Signed-off-by: Christian Brauner (Microsoft) <brauner@kernel.org>
---
Notes:
/* v2 */
unchanged
fs/overlayfs/super.c | 101 ++-----------------------------------------
1 file changed, 4 insertions(+), 97 deletions(-)
diff --git a/fs/overlayfs/super.c b/fs/overlayfs/super.c
index 8a13319db1d3..0c7ae79b10b1 100644
--- a/fs/overlayfs/super.c
+++ b/fs/overlayfs/super.c
@@ -998,83 +998,6 @@ static unsigned int ovl_split_lowerdirs(char *str)
return ctr;
}
-static int __maybe_unused
-ovl_posix_acl_xattr_get(const struct xattr_handler *handler,
- struct dentry *dentry, struct inode *inode,
- const char *name, void *buffer, size_t size)
-{
- return ovl_xattr_get(dentry, inode, handler->name, buffer, size);
-}
-
-static int __maybe_unused
-ovl_posix_acl_xattr_set(const struct xattr_handler *handler,
- struct user_namespace *mnt_userns,
- struct dentry *dentry, struct inode *inode,
- const char *name, const void *value,
- size_t size, int flags)
-{
- struct dentry *workdir = ovl_workdir(dentry);
- struct inode *realinode = ovl_inode_real(inode);
- struct posix_acl *acl = NULL;
- int err;
-
- /* Check that everything is OK before copy-up */
- if (value) {
- /* The above comment can be understood in two ways:
- *
- * 1. We just want to check whether the basic POSIX ACL format
- * is ok.
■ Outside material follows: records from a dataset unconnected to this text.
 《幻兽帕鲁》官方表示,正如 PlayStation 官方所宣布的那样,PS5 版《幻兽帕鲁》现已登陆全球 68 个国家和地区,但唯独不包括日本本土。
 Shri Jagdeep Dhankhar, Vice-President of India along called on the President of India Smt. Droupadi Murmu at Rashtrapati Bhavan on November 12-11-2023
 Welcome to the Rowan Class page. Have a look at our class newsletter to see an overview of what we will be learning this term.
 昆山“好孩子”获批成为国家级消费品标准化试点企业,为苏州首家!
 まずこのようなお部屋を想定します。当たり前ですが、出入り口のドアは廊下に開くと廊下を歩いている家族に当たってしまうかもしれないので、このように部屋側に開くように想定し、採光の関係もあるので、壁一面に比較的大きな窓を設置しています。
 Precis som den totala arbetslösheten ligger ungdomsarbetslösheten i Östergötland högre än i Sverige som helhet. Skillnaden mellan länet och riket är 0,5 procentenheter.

For example, if the header is correct and the size
- * is sane.
- * 2. We want to know whether the ACL_{GROUP,USER} entries can
- * be mapped according to the underlying filesystem.
- *
- * Currently, we only check 1. If we wanted to check 2. we
- * would need to pass the mnt_userns and the fs_userns of the
- * underlying filesystem. But frankly, I think checking 1. is
- * enough to start the copy-up.
- */
- acl = vfs_set_acl_prepare(&init_user_ns, &init_user_ns, value, size);
- if (IS_ERR(acl))
- return PTR_ERR(acl);
- }
- err = -EOPNOTSUPP;
- if (!IS_POSIXACL(d_inode(workdir)))
- goto out_acl_release;
- if (!realinode->i_op->set_acl)
- goto out_acl_release;
- if (handler->flags == ACL_TYPE_DEFAULT && !S_ISDIR(inode->i_mode)) {
- err = acl ? -EACCES : 0;
- goto out_acl_release;
- }
- err = -EPERM;
- if (!inode_owner_or_capable(&init_user_ns, inode))
- goto out_acl_release;
-
- posix_acl_release(acl);
-
- /*
- * Check if sgid bit needs to be cleared (actual setacl operation will
- * be done with mounter's capabilities and so that won't do it for us).
- */
- if (unlikely(inode->i_mode & S_ISGID) &&
- handler->flags == ACL_TYPE_ACCESS &&
- !in_group_p(inode->i_gid) &&
- !capable_wrt_inode_uidgid(&init_user_ns, inode, CAP_FSETID)) {
- struct iattr iattr = { .ia_valid = ATTR_KILL_SGID };
-
- err = ovl_setattr(&init_user_ns, dentry, &iattr);
- if (err)
- return err;
- }
-
- err = ovl_xattr_set(dentry, inode, handler->name, value, size, flags);
- return err;
-
-out_acl_release:
- posix_acl_release(acl);
- return err;
-}
-
static int ovl_own_xattr_get(const struct xattr_handler *handler,
struct dentry *dentry, struct inode *inode,
const char *name, void *buffer, size_t size)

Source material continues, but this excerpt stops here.